We thank the reviewer for this comment, as this reflects a typo in our initial submission; in our method, a constant was added to the normalized counts $y_{ij}/s_{j}$ prior to calculating the profiles $p_{ij}$, and the equation for $p_{ij}$ should read as follows:
$p_{ij} = \frac{y_{ij}/s_{j}+1}{\sum_\ell y_{i\ell}/s_{\ell}+1}.$
As such, $p_{ij}$ never takes the value of 0 or 1.

10.) p.7 It would be helpful if plots showing the graphs of these transformations could be provided.

This is a nice suggestion, and we have added this plot as Figure S1 in the Supplementary Materials, and referred to it in the text as follows:

Over a broad range of intermediate values of the proportions, the logit and arcsin transformations are roughly linearly related to one another \tcb{(see Figure S1A in the Supplementary Materials)}. However, although both transformations tend to pull out the ends of the distribution of $p_{ij}$ values, this effect is more marked for the logit transformation, meaning that it is more affected by smaller differences at the ends of the scale Figure S1B).

11.) p.10 "filtering genes with mean normalized count less than 50" -- This seems like it could be a too stringent threshold, especially in, say, developmental studies, where certain genes are completely switched off in some of the conditions.
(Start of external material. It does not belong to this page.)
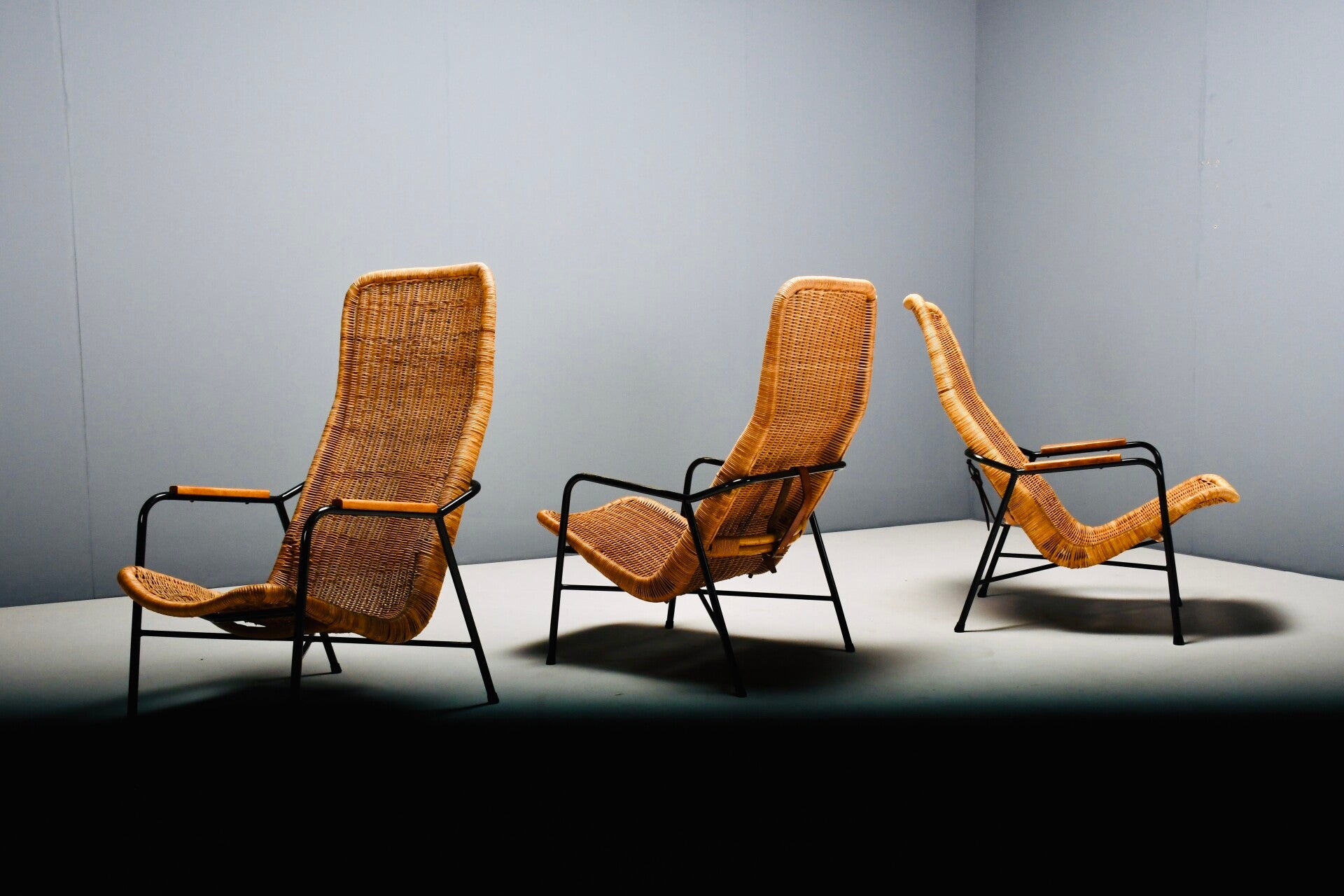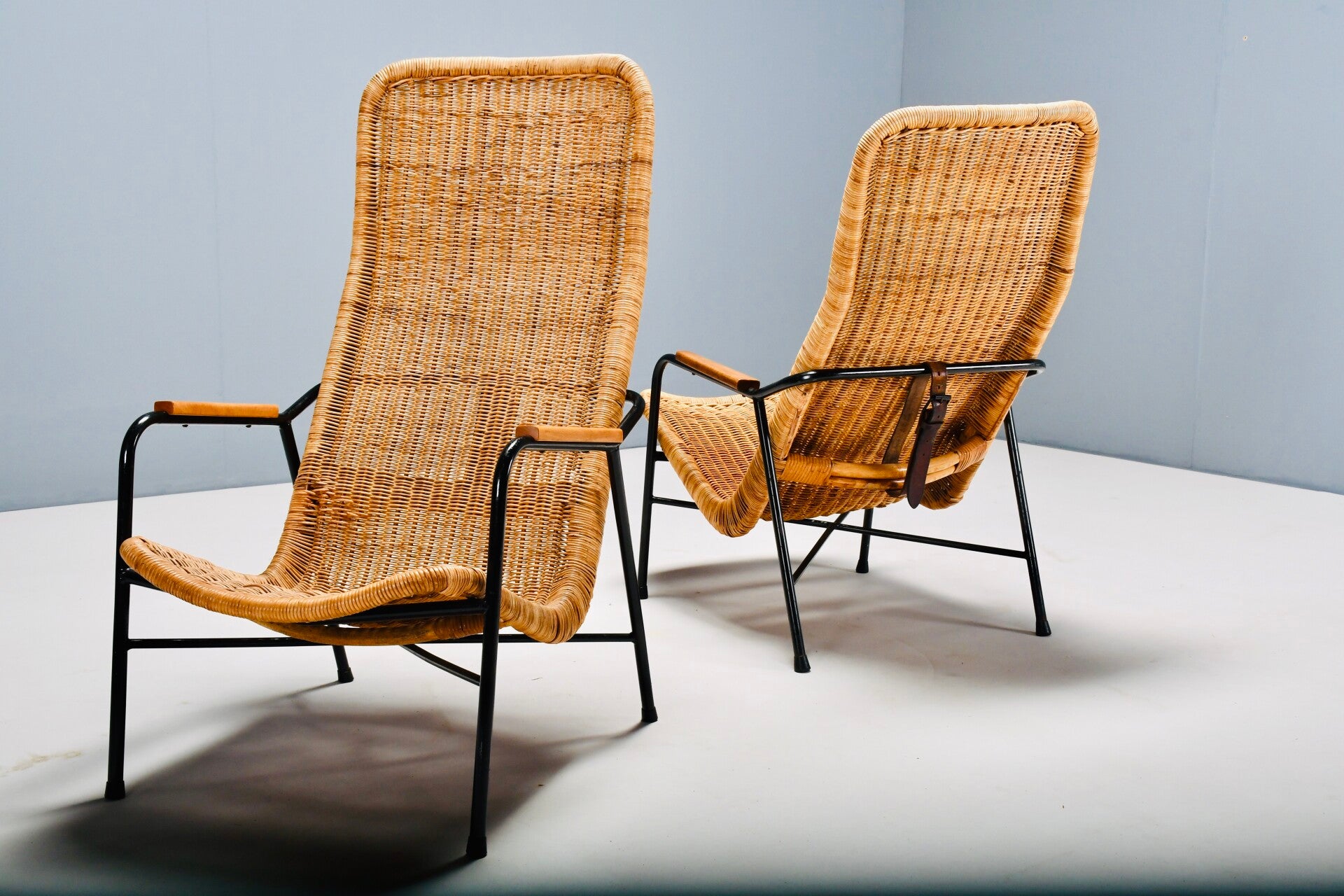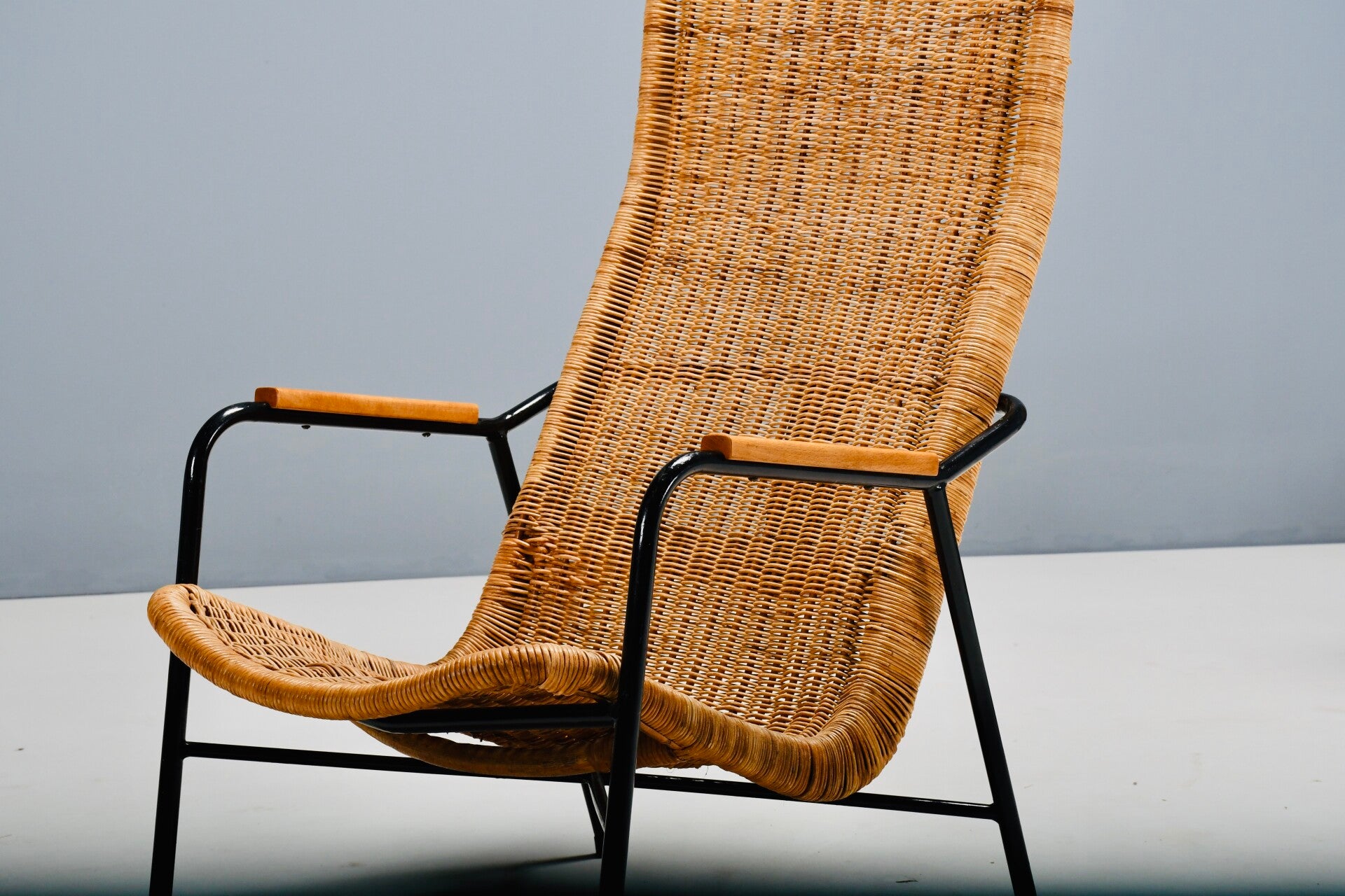 The 514a belt chair by Dirk van Sliedregr for 'Gebroeders Jonkers', Noordwolde, Netherlands, 1952. Black steel frame with ash armrests and rattan basket. A leather strap allows the basket to be cleverly adjusted to the correct angle for comfort.

Indeed these tend to be the most important genes.

We agree with the reviewer that in some cases a less stringent filter would be desired. To reflect this, have added the following text to emphasize that by default, the coseq package does not filter genes and that the user may specify a filter through the meanFilterCutoff argument if desired:

We note that for some studies (e.g., those in which some genes may be completely switched off in some conditions), a less stringent filtering threshold may be desired; in such cases, the meanFilterCutoff argument of coseq may be omitted (corresponding to no filter) or set to a smaller value.

Very small point:

12.) Introduction: "Increasingly complex studies of transcriptome dynamics are now routinely carried out using high-throughput sequencing of RNA molecules, ..."
Indeed what is being sequenced in RNA-Seq are cDNA molecules. Direct sequencing of RNA is also possible but (currently) usually not called RNA-Seq.

We thank the reviewer for this important detail; the first sentence of the manuscript has been modified as follows:

Increasingly complex studies of transcriptome dynamics are now routinely carried out using high-throughput sequencing of reverse-transcribed RNA molecules (i.e., cDNA molecules), called RNA sequencing (RNA-seq).

Typos:

p.8 compatability

p.15 hierarhical clustering

Corrected.

This review was prepared by Wolfgang Huber.